My paper with Scott Phillips, A quasi-experimental evaluation using roadblocks and automatic license plate readers to reduce crime in Buffalo, NY, has just been published online first in the Security Journal. Springer gifts me a special link in which you can read the paper. Previously when I have been given links like that from the publisher they have a time limit, but the email for this one said nothing. But even if that goes bad you can always read my pre-print of the article I posted on SSRN.

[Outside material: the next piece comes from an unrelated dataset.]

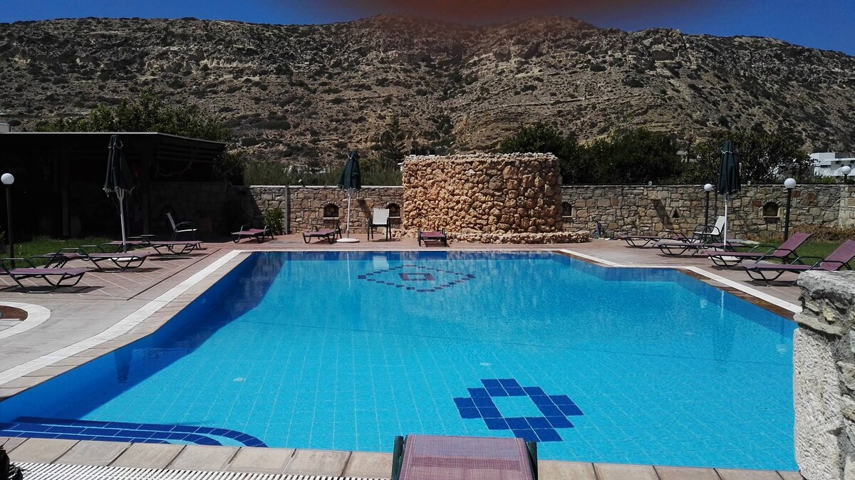 Its a nice decoreted in island style (blue and white, The blue color of the sea and the white foam of the waves ) suite (different in each room, makes them unique and gives you the sense of escape) balcony or patio that you have sea view!The complex situeted betwen two beaches :the calm beach of Lygaria and the cosmopolitan Agia Pelagia beach We are16 min about by car from Kazantzakis airport and 18 min from Heraklio port(Santorini,Pereus arrival-depart)!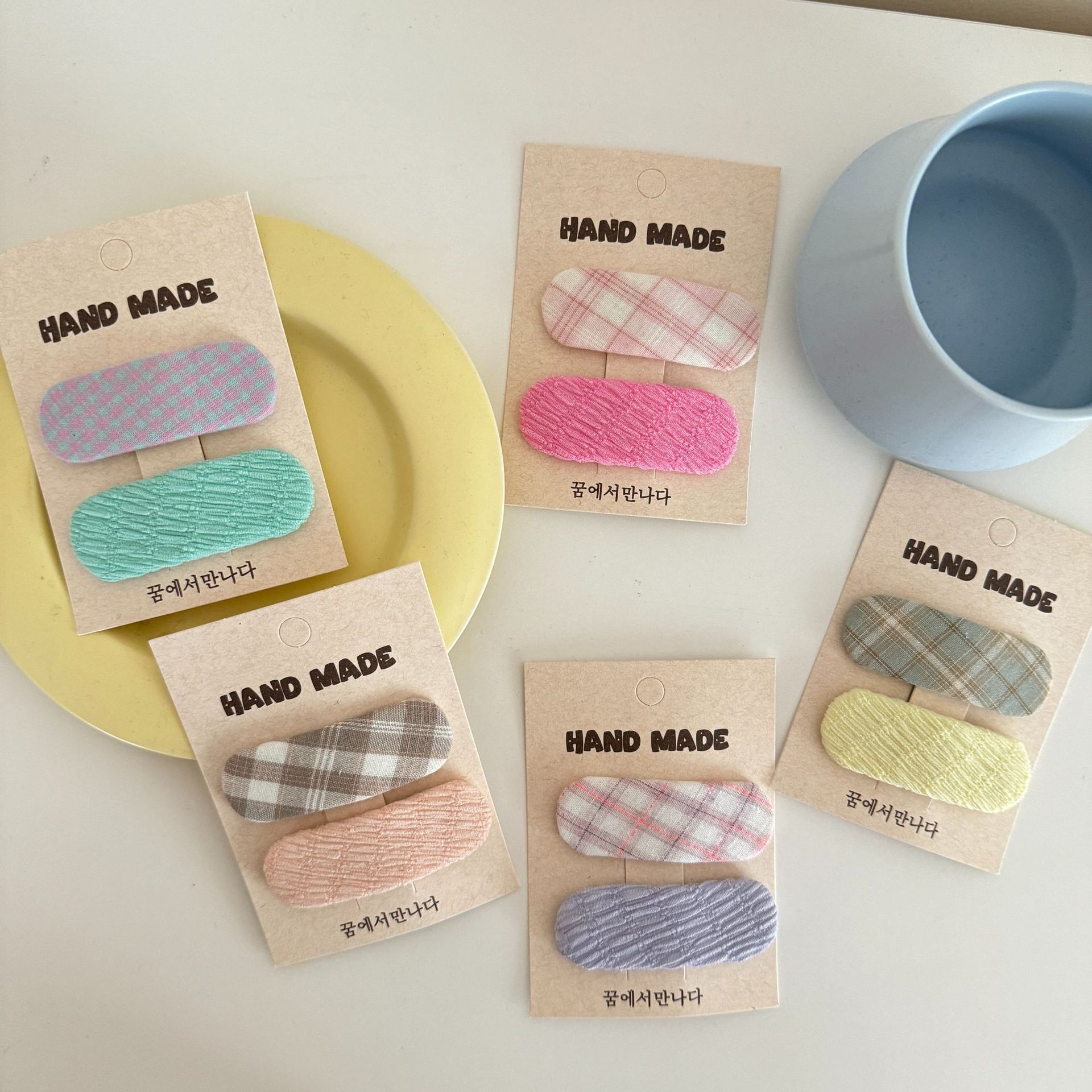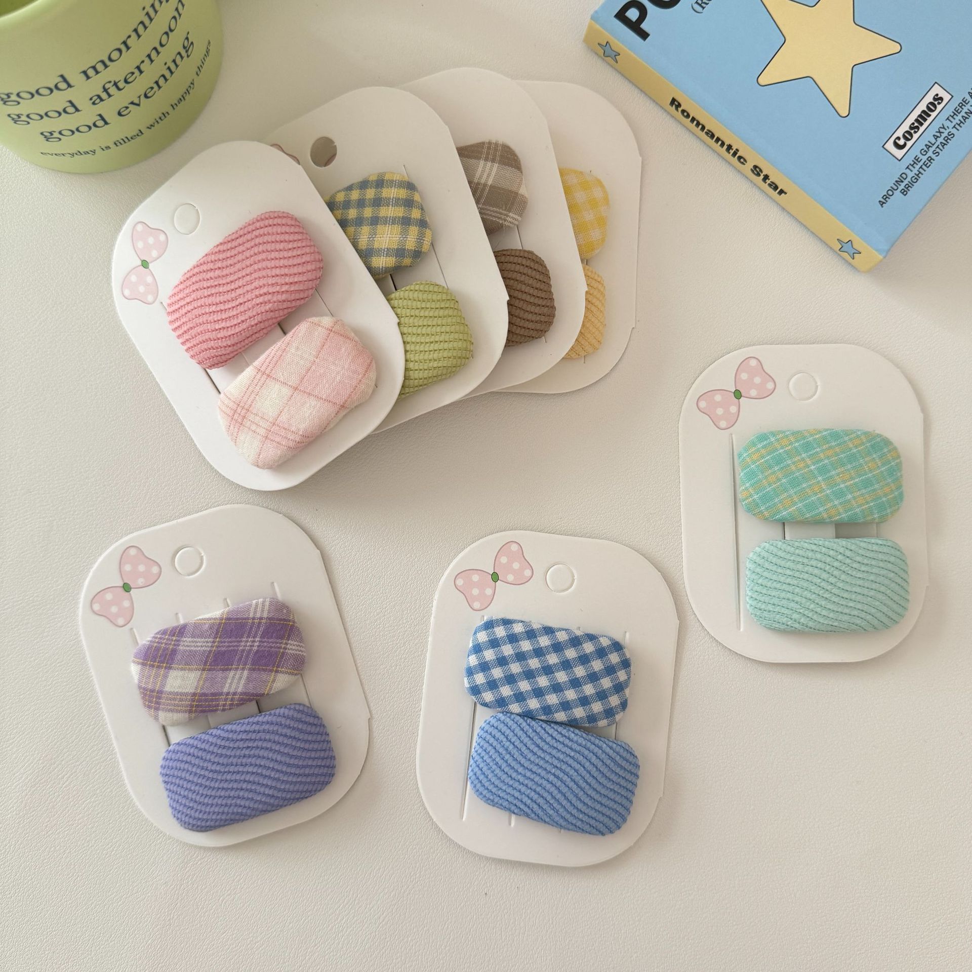 2個入り少女bbクリップ前髪クリップカラーキルト小清新楕円bbクリップ頭飾り韓国系少女心髪飾り

Title: A quasi-experimental evaluation using roadblocks and automatic license plate readers to reduce crime in Buffalo, NY
Abstract:
This article evaluates the effective of a hot spots policing strategy: using automated license plate readers at roadblocks in Buffalo, NY. Different roadblock locations were chosen by the Buffalo Police Department every day over a two-month period. We use propensity score matching to identify a set of control locations based on prior counts of crime and demographic factors. We find modest reductions in Part 1 violent crimes (10 over all roadblock locations and over the two months) using t tests of mean differences. We find a 20% reduction in traffic accidents using fixed effects negative binomial regression models. Both results are sensitive to the model used though, and the fixed effects models predict increases in crimes due to the intervention. We suggest that the limited intervention at one time may be less effective than focusing on a single location multiple times over an extended period.